## Aim of the task
Give back exactly the lines of the data below, starting with the line that has "Hand out the" and going on through the line that has "コスタリカ・ザルセロの雨降る".

## Stored data entries
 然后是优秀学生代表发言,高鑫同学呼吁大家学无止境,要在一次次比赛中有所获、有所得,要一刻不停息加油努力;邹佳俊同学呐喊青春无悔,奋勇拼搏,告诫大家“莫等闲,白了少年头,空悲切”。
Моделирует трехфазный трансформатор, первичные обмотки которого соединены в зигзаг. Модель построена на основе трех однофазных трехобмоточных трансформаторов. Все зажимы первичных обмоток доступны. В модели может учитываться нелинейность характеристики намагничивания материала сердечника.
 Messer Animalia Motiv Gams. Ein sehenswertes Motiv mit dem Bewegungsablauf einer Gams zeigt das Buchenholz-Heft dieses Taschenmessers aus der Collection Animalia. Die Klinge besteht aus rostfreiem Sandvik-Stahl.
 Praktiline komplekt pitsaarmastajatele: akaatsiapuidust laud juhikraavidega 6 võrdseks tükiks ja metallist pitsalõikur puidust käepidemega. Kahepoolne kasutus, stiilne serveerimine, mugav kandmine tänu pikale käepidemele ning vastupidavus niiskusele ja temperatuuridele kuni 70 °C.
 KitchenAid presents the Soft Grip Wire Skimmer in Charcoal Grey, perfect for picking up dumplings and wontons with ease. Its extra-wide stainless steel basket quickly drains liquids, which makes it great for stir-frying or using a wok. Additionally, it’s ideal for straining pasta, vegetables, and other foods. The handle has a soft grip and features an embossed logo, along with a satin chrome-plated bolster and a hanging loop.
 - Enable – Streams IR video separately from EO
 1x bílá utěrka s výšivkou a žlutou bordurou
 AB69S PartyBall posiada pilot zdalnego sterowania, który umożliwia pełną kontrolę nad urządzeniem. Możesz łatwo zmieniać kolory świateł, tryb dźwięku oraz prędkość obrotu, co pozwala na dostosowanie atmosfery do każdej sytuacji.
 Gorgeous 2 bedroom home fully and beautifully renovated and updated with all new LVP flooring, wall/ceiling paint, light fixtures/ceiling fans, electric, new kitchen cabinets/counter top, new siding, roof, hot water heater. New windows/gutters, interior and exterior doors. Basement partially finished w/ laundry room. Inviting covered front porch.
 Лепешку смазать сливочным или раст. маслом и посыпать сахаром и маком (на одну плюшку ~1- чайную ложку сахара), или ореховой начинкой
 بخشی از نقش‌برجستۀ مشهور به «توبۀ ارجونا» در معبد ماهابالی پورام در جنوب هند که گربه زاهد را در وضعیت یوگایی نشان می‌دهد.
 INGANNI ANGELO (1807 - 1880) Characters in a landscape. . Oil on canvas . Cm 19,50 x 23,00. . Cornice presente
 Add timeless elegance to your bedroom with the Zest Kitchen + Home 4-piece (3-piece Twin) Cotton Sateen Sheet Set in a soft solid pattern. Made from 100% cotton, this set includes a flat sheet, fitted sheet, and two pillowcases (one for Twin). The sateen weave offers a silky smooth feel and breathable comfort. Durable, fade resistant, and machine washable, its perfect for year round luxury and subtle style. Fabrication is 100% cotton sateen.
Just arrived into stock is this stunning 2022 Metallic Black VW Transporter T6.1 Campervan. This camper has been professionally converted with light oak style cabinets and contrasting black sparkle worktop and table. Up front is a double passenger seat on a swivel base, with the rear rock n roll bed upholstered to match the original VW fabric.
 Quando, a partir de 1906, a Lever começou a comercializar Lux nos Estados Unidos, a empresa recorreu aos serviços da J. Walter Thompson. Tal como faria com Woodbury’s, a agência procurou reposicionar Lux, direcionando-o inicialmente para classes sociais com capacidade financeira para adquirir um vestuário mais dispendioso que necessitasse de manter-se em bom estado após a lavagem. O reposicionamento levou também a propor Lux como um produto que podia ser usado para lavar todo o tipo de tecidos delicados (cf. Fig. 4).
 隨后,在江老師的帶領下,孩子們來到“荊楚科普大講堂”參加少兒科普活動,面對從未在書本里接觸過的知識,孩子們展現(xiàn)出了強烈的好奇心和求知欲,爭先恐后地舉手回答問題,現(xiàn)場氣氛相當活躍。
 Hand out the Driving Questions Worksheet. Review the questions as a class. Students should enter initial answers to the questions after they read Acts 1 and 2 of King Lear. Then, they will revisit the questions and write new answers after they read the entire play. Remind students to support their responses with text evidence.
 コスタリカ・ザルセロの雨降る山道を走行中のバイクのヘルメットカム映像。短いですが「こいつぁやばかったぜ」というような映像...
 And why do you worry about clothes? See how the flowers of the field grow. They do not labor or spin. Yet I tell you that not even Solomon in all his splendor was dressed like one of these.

## Exercise answer
 Hand out the Driving Questions Worksheet. Review the questions as a class. Students should enter initial answers to the questions after they read Acts 1 and 2 of King Lear. Then, they will revisit the questions and write new answers after they read the entire play. Remind students to support their responses with text evidence.
 コスタリカ・ザルセロの雨降る山道を走行中のバイクのヘルメットカム映像。短いですが「こいつぁやばかったぜ」というような映像...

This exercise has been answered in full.